Any ideas would be welcomed.

Thanks
Andy


----------



## Live Oak (Dec 22, 2003)

I guess checking to see if the coil is getting voltage would be my first check and work backward or forward from there depending on if I had the voltage. Could be a number of things such as points, condenser, fusible link in coil wire, rotor, cap, ignition switch just to name a few.


----------



## chrpmaster (May 5, 2004)

Thanks Randy

How would I check for voltage at the coil? I have a voltage meter but I'm not sure how to use it.

I looked at the wiring this morning and the wire from the switch to the coil looks alittle beat up. I will replace it and see it that helps. Since this tractor is so old the electrical system isn't much more complicated than a lawn mower. 

I was also going to check the switch since it is old if not original. I would think it is something like the switch since it went from starting and running well to nothing almost overnight. I've always heard that switches either work or they don't. No in between. After I change the wire to the coil I will try bypassing the switch and see if that works

Thanks
Andy


----------



## Live Oak (Dec 22, 2003)

Most if not all coils have 2 electrical posts in addition the the spark wire receptacle. In many cases each electrical wire post is labeled + or -. Depending upon if your Case electrical system is 6, 12, or 24 volt; set your voltmeter to according on the DC scale.
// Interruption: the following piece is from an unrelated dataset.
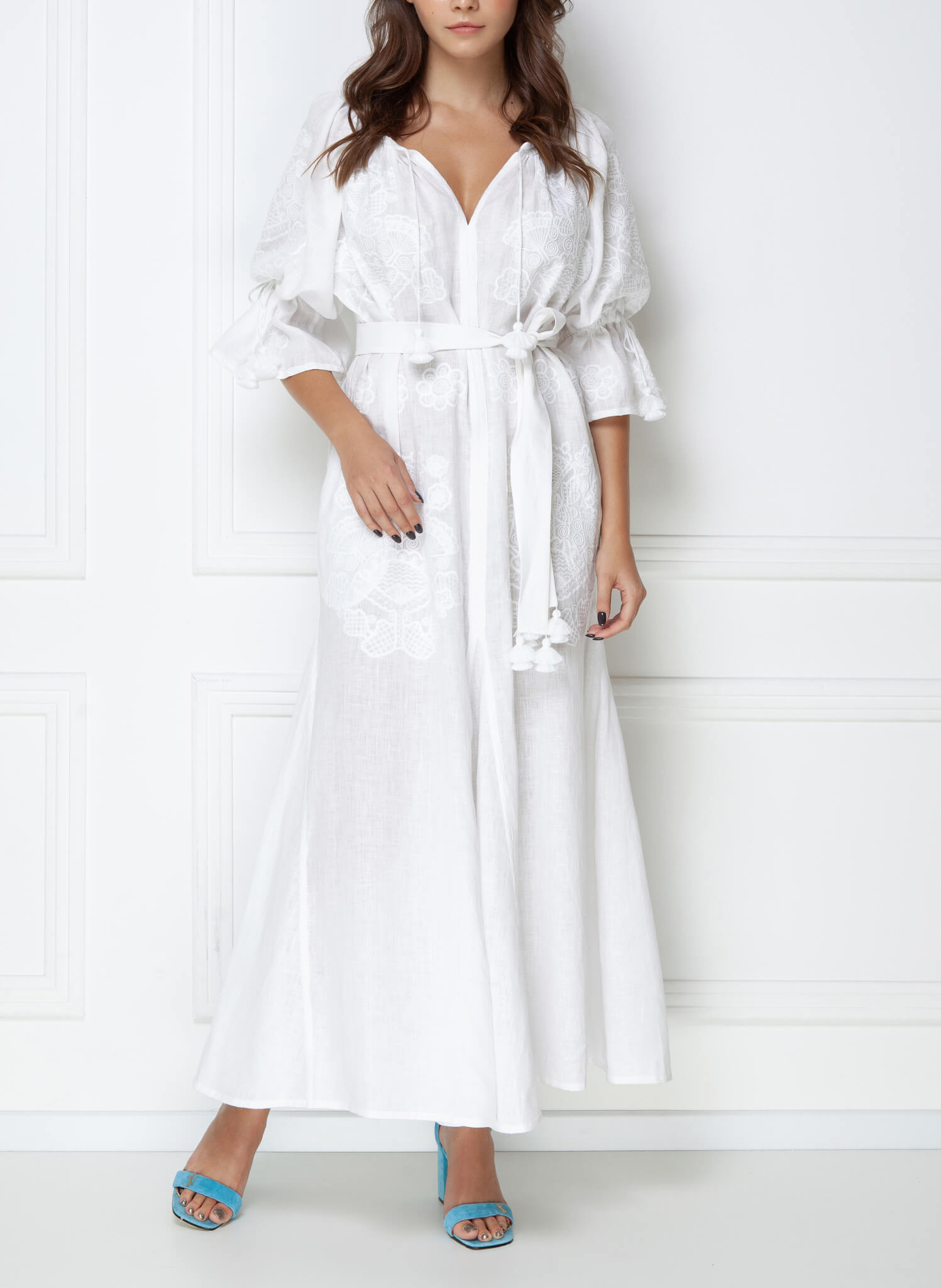 Доставка в течение 3-10 рабочих днейВишито квітковим орнаментом по всій довжині виробу фіалковим та білим кольором. Має вишиті рукави прямого крою із зав’язками, зав’язки з пензликами на горловині. Яскраве поєднання кольорів тканини та вишивки, вільний крій роблять цю богемну сукню вишуканим круїзним вбранням.
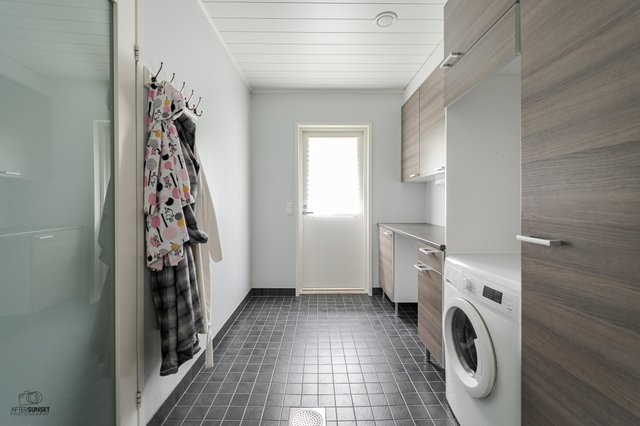 - Tilava kodinhoitohuone, jossa hyvin kaapistotilaa ja työ/laskutasoa, pesukoneliitäntä ja tila pyykinpesukoneelle ja kuivausrummulle. Laatoitettu lattia, lattialämmitys, käynti suoraan ulos sekä kylpyhuoneeseen.

Place the black voltmeter probe on a known good solid ground on the tractor and the red probe on the + terminal. You should be able to read a voltage. If none of the wire terminals are marked + or -, just try testing each terminal for voltage. Dependging upon if you have an inline resistor or not, you should read a voltage of 6, 12, or 24 volts or a lesser voltage if there is an inline resistor. Bottom line is pretty much that if you have at least 6 volts or there abouts, the coil should be producing a spark and the problem is likely in the distributor. IF no voltage at the coil or a very low (or close to no voltage), the problem is likely prior to the coil. Hope this helps.


----------



## chrpmaster (May 5, 2004)

Thanks Randy

When I tried your suggestion and was looking for a "a known good solid ground on the tractor" I tried to use the main ground next to the starter since it was just below the coil. Then I noticed the ground wire moved when I touched it with the meter probe. Duh! :dazed:
Once I tightened the ground wire it fired right up. 

Its always the little things that get you.

Andy


----------



## Live Oak (Dec 22, 2003)

Very welcome Andy. Glad things worked out on the cheap and easy!


----------